= Matthew Gandy =

English geographer (born 1965)

Matthew Gandy, FBA (born 1965 in London) is a geographer and urbanist. He is professor of cultural and historical geography and fellow of King's College, Cambridge, moving from University College London (UCL) in 2015, where he was the founder and first director of the UCL Urban Laboratory from 2005 to 2011.

==Career==
His research on environmental history, urban infrastructure and visual culture has involved work in countries including France, Germany, Nigeria, India, the UK and the USA. In 2003 he was winner of the Spiro Kostof Prize of the Society of Architectural Historians for Concrete and clay: reworking nature in New York City as the book "within the last two years that has made the greatest contribution to our understanding of urbanism and its relationship with architecture". In 2005 he set up the UCL Urban Laboratory as an international and interdisciplinary centre for urban research and teaching and in 2006 he was a founder of the London-wide Urban Salon. In 2007 he produced and directed a documentary film, Liquid City (2007), which explores the complexity of water politics in Bombay/Mumbai. In 2015 his book The fabric of space: water, modernity, and the urban imagination won the Meridian Book Award for Outstanding Scholarly Work in Geography, and in 2016 it was awarded the International Planning History Society's prize for the "most innovative book in planning history". In 2016 he was elected as a fellow of the British Academy. In 2017 he produced, wrote, and directed the documentary film, Natura Urbana: the Brachen of Berlin, which charts the dual histories of urban botany and geo-politics in post-war Berlin. In 2023 his book Natura Urbana: ecological constellations in urban space won a John Brinckerhoff Jackson Prize awarded by the Foundation for Landscape Studies and the University of Virginia School of Architecture, and he was elected a fellow of the Academia Europaea.

His current work explores five main themes: landscape (including depictions of nature in the visual arts), infrastructure and urban metabolism (including atmospheres and corporeal geographies), urban bio-diversity, urban epidemiology, and visual methodologies.

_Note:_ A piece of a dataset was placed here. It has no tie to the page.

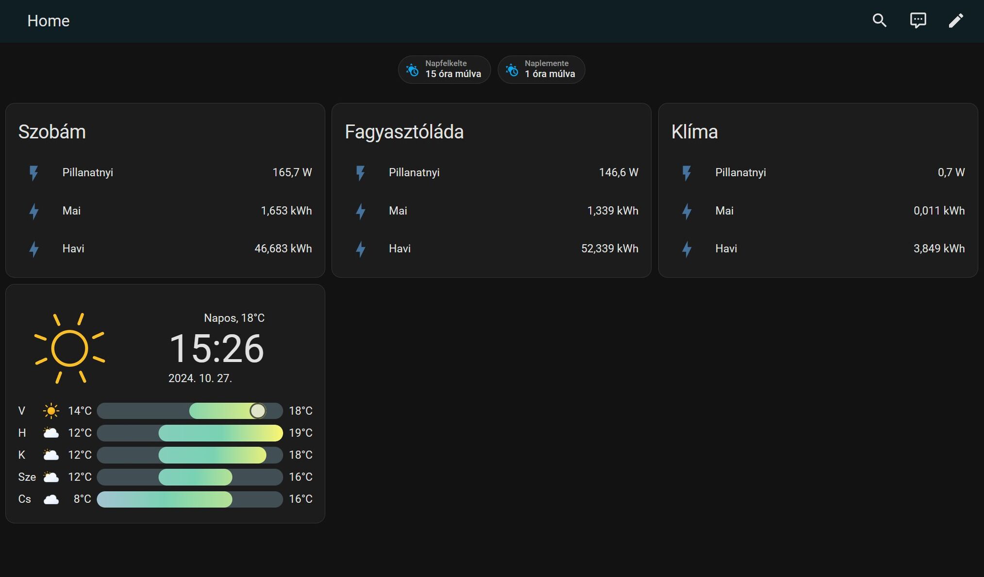 Így ma szenvedtem egy kicsit a Home Assistant telepítésével, és az ebbe integrálásukkal. Jelenleg VirtualBox-ban fut a gépemen. Mivel tetszett, igy kíváncsiságból felraktam a Clock Weather Card-ot is, na ez szenvedés volt, addig, míg rá nem jöttem hogy az alap Áttekintésbe nem lehet beletenni... külön irányítópultot kell csinálni. Ilyet nyilván felesleges megemlíteni a leírásban, de az is lehet én nem olvastam el tüzetesen (meg amúgyis még noob vagyok a HA-ban és ebben a témában), na de mindegy, már ezt is tudom és működik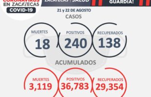 La Secretaría Salud de Zacatecas (SSZ) reportó que, durante el fin de semana, se registraron 240 nuevos contagios de COVID-19, 138 recuperados…

He is involved in local issues in Hackney, east London, writes reviews and commentaries for his personal website, and is an urban field ecologist, specialising in entomology, and has written a book on moths.

==Books==

- Gandy, M. (1994) Recycling and the politics of urban waste. London: Earthscan.
- Gandy, Matthew (2002). "Concrete and Clay: Reworking Nature in New York City"
- "The return of the white plague: global poverty and the 'new' tuberculosis" (2003)
- "Hydropolis: Wasser und die Stadt der Moderne" (2006)
- "Urban constellations" (2011)
- "The acoustic city" (2014)
- Gandy, Matthew (2014). "The Fabric of Space: water, modernity, and the urban imagination"
- Gandy, M, 2015. Ecologie queer: Nature, sexualité, et hétéropie. Paris: Eterotopia.
- Gandy, M. 2016. Moth. London: Reaktion Books.
- "The botanical city" (2020)
- Gandy, Matthew (2022). "Natura Urbana: Ecological Constellations in Urban Space"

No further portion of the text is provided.